Are half of all natural numbers even?

[textbooks]

It might be a silly question but I was just wondering if this was unprovable or false...

Thanks guys

 

[Office_Shredder]

It's a poorly worded question. How many natural numbers are there, and how do you divide that by half?

As a start up to this kind of stuff, consider the function

f(n) = 2n

You now have a bijection, or a 1-1 and onto function, from the set of natural numbers to the set of even numbers. So for every even number you give me, I can give you a natural number, and for every natural number, I can give you an even number. Hence there must be the same number of even numbers as there are natural numbers.

This is more related to set theory than number theory (counting the size of different sets)

 

[g_edgar]

There are some concepts of "density" of a set of natural numbers. The set of even numbers has density 1/2.
http://planetmath.org/encyclopedia/AsymptoticDensity.html"
http://mathworld.wolfram.com/SchnirelmannDensity.html"

 

[HallsofIvy]

It's not silly but it depends on exactly what you mean by "half" of an infinite set.
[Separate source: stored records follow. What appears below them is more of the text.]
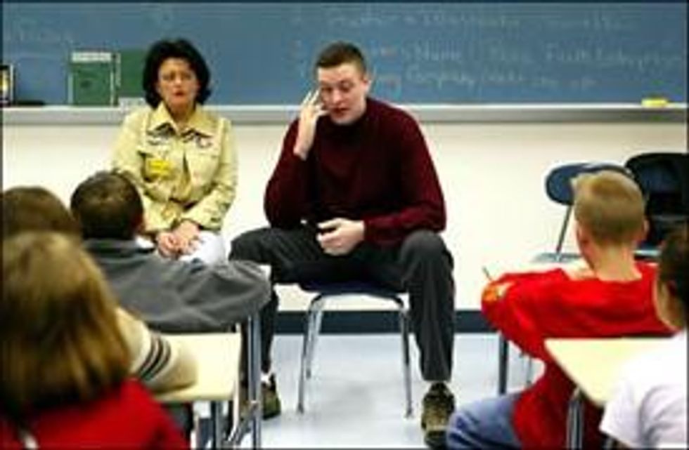 I cannot get out of my mind the photo that appeared on the front page of The New York Times on December 30, alongside a story by Jeffrey Gettleman. It showed a young man sitting on a chair facing a class of sixth graders in Blairsville, Pennsylvania. Next to him was a woman. Not the teacher of the class, but the young fellow's mother. She was there to help him because he is blind.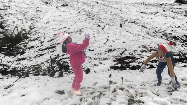 Afrika Selatan - Hujan salju yang jarang terjadi dan lebat menyelimuti beberapa bagian wilayah Afrika Selatan. Fenomena ini menghebohkan warga setempat.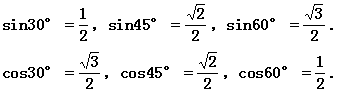让每个学生画含30°、45°的直角三角形,分别求sin30°、sin45°、sin60°和cos30°、cos45°、cos60°.这一练习既用到以前的知识,又巩固正弦、余弦的概念,经过学习亲自动笔计算后,对特殊角三角函数值印象很深刻.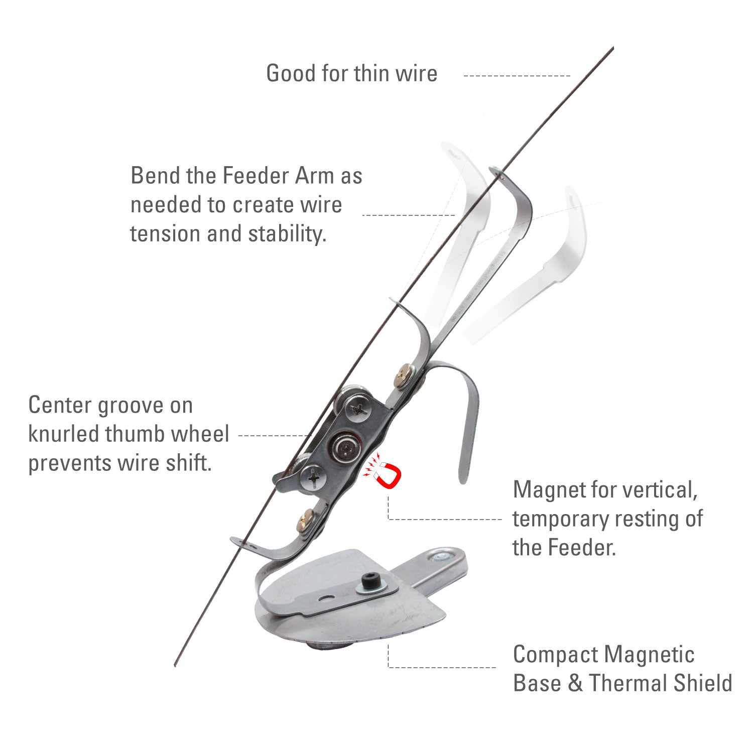 Smoothly feed TIG wire for total control and accuracy, at the ideal distance, for higher quality welding, even with gloves on! Minimize filler wire waste.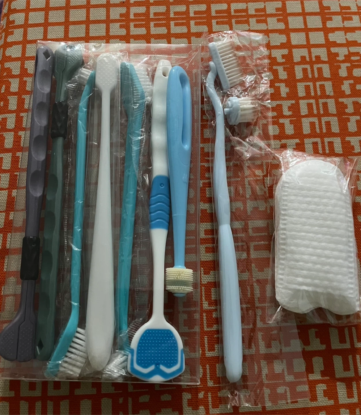 This oral hygiene kit includes several toothbrushes, a tongue scraper, and a cleaning brush. Various styles of brushes are provided for a comprehensive clean. The set comes with a cotton pad for added hygiene.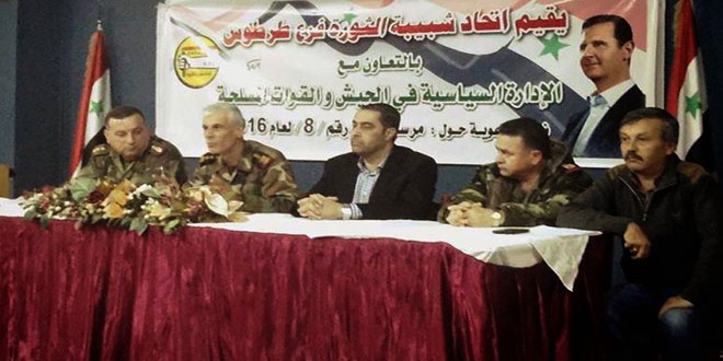 نظمت الإدارة السياسية بالتعاون مع فرع منظمة اتحاد شبيبة الثورة بطرطوس اليوم ندوة تعريفية في مقر المعهد الفندقي بمدينة طرطوس حول مزايا المرسوم التشريعي رقم 8 لعام 2016 القاضي بمنح عفو عام عن جرائم الفرار الداخلي والخارجي المنصوص عليها في قانون خدمة العلم والمرتكبة قبل 17 2-2016.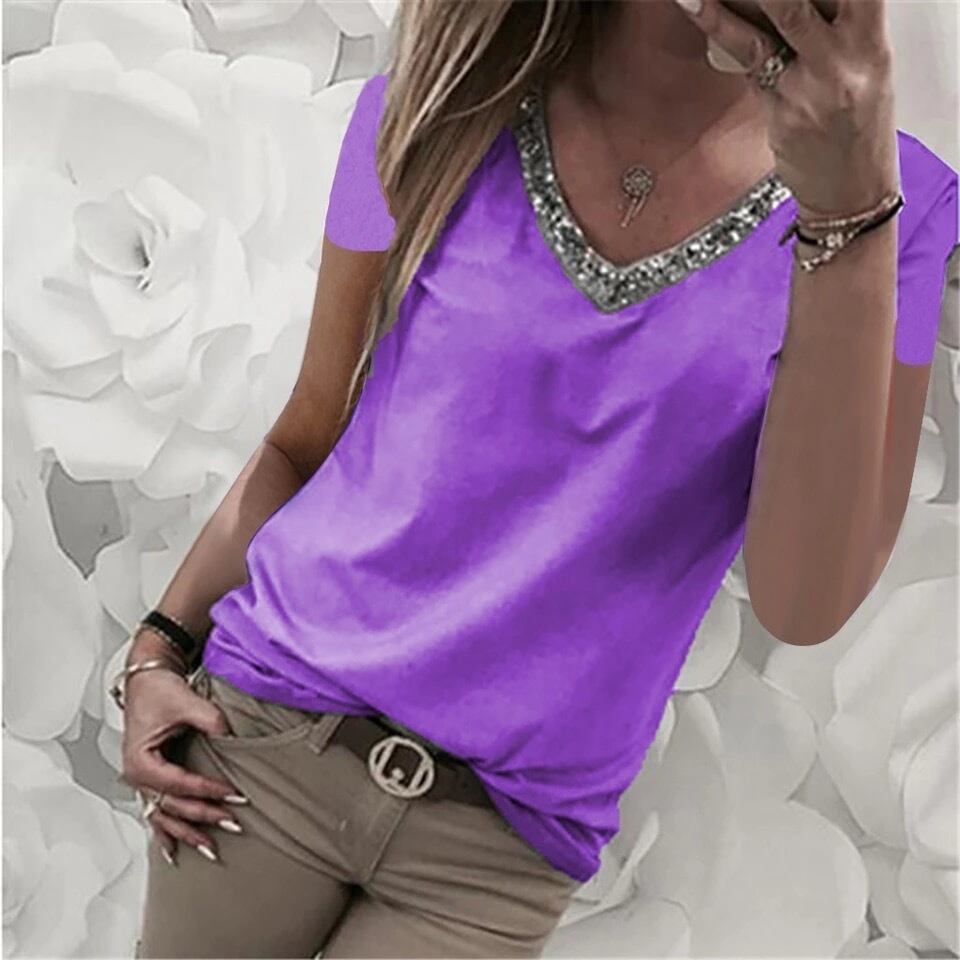 ★送料無料★ 5色 グレー 灰色 スパンコール ブラウス Tシャツ カットソー 半袖 涼しい 服 夏 サマー 海 ビーチ プール

As g. edgar points out, there are several ways of defining that.

 

[CRGreathouse]

There are some concepts of "density" of a set of natural numbers. The set of even numbers has density 1/2.
http://planetmath.org/encyclopedia/AsymptoticDensity.html"
http://mathworld.wolfram.com/SchnirelmannDensity.html"

The asymptotic density of the even numbers is indeed 1/2. But the Schnirelmann density is 0.

 

[g_edgar]

The asymptotic density of the even numbers is indeed 1/2. But the Schnirelmann density is 0.

...and the Schnirelmann density of the odd numbers is 1/2

 

[CRGreathouse]

...and the Schnirelmann density of the odd numbers is 1/2

Right.

 

[HallsofIvy]

So the Schnirelmann density of the even numbers is 0 and the Schnirelmann density of the odd numbers is 1/2? Peculiar!

 

[CRGreathouse]

So the Schnirelmann density of the even numbers is 0 and the Schnirelmann density of the odd numbers is 1/2? Peculiar!

The Schnirelmann density relates to sumsets, and sets missing enough small numbers won't be able to sumset to given values even if iterated many times. In particular if the set lacks 1, it won't be able to sum to 1. Since the even don't have one, their density is 0.

 

[camilus]

It's a poorly worded question. How many natural numbers are there, and how do you divide that by half?

As a start up to this kind of stuff, consider the function

f(n) = 2n

You now have a bijection, or a 1-1 and onto function, from the set of natural numbers to the set of even numbers. So for every even number you give me, I can give you a natural number, and for every natural number, I can give you an even number. Hence there must be the same number of even numbers as there are natural numbers.

This is more related to set theory than number theory (counting the size of different sets)

thats basically the answer right there.

Questions like these are very tricky because you're operating with infinity. How Shredder said, the size of the set of even numbers is the same as the size of the set of natural numbers.

A famous paradox by David Hilbert shows why doing arithmetic with infinity is so tricky, and the last part about the odd rooms of his Grand Hotel shares some similarities with the quetsion on this thread.

Consider a hypothetical hotel with infinitely many rooms, all of which are occupied – that is to say every room contains a guest. Suppose a new guest arrives and wishes to be accommodated in the hotel. If the hotel had only finitely many rooms, then it can be clearly seen that the request could not be fulfilled, but because the hotel has infinitely many rooms then if you move the guest occupying room 1 to room 2, the guest occupying room 2 to room 3 and so on, you can fit the newcomer into room 1. By extension it is possible to make room for a countably infinite number of new clients: just move the person occupying room 1 to room 2, the guest occupying room 2 to room 4, and in general room N to room 2*N, and all the odd-numbered rooms will be free for the new guests.